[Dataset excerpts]
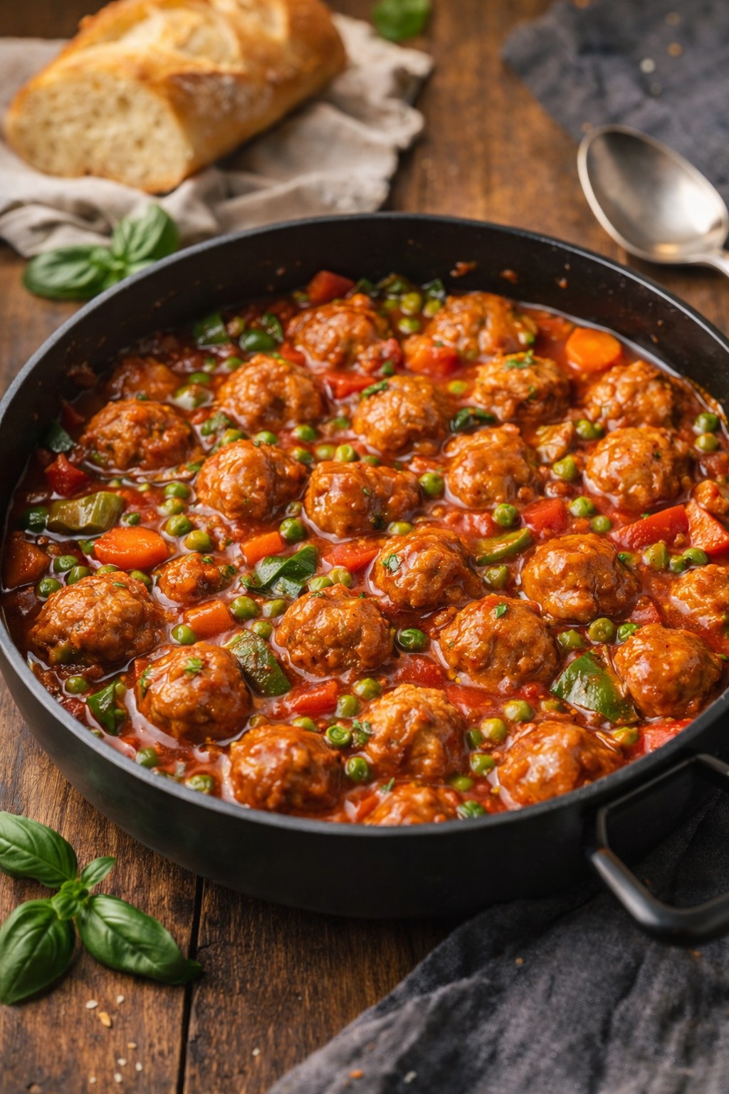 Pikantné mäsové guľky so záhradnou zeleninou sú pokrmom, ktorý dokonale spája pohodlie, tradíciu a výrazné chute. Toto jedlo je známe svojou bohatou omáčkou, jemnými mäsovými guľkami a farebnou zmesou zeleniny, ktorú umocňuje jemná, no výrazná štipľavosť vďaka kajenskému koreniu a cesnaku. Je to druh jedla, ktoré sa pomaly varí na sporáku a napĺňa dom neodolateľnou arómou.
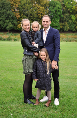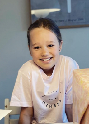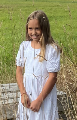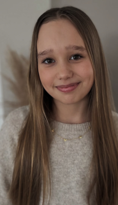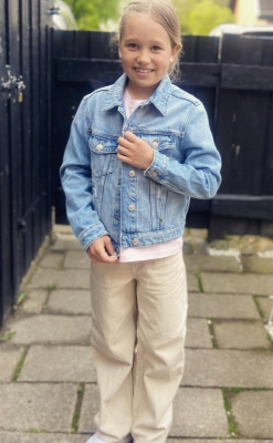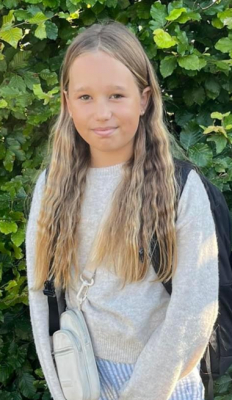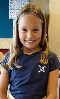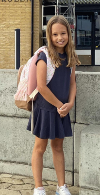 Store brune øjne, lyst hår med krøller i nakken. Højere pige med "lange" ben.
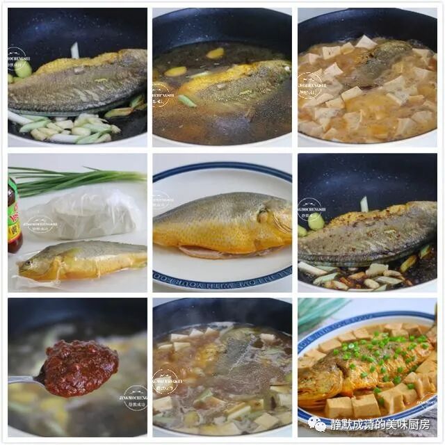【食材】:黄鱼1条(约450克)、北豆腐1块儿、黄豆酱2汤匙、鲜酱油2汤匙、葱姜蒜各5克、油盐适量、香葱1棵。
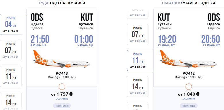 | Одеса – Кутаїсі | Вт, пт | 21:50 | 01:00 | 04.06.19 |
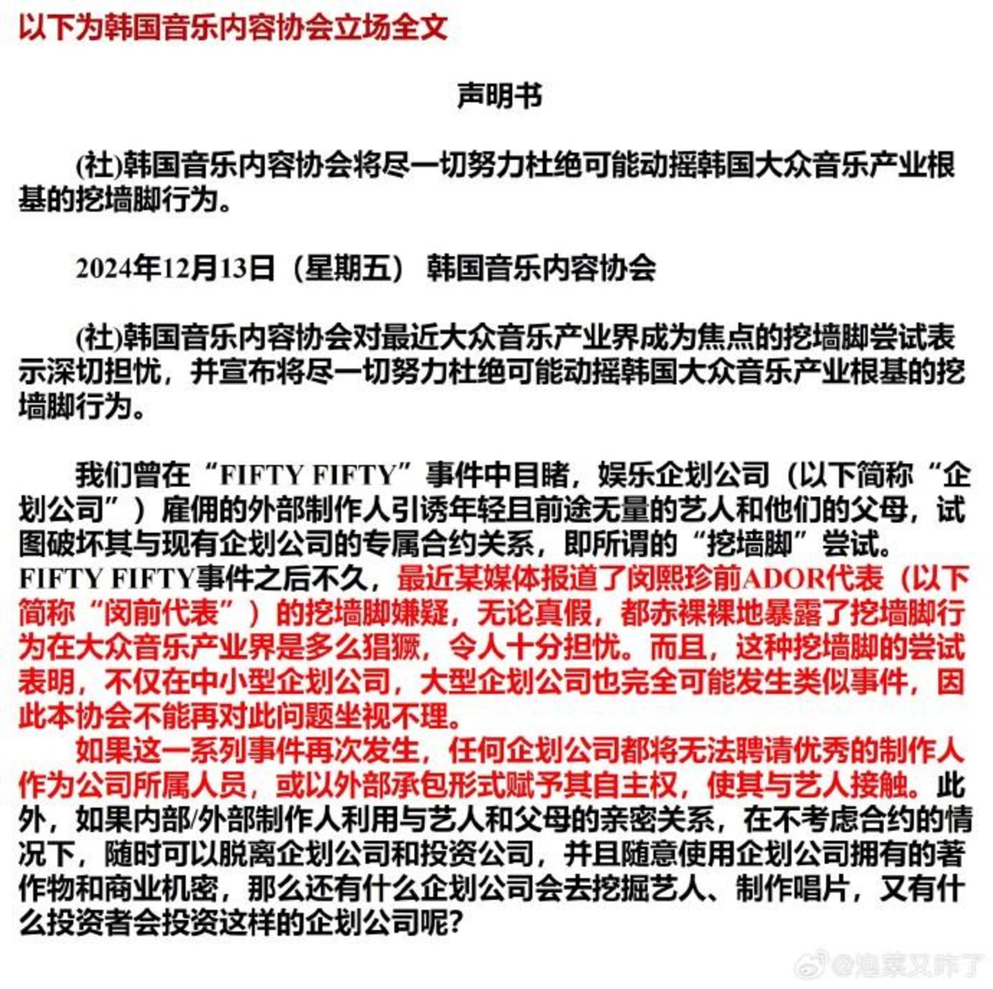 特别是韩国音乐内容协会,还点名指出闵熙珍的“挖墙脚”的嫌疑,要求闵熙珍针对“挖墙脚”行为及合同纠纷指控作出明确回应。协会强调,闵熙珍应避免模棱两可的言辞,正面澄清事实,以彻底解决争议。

Task goal: Each line from the one holding "01:00 | 04.06.19 |" through the final line of the data needs to be transcribed exactly. Include both ends, skip the pictures, and add nothing.

Answer to this problem:
 | Одеса – Кутаїсі | Вт, пт | 21:50 | 01:00 | 04.06.19 |
 特别是韩国音乐内容协会,还点名指出闵熙珍的“挖墙脚”的嫌疑,要求闵熙珍针对“挖墙脚”行为及合同纠纷指控作出明确回应。协会强调,闵熙珍应避免模棱两可的言辞,正面澄清事实,以彻底解决争议。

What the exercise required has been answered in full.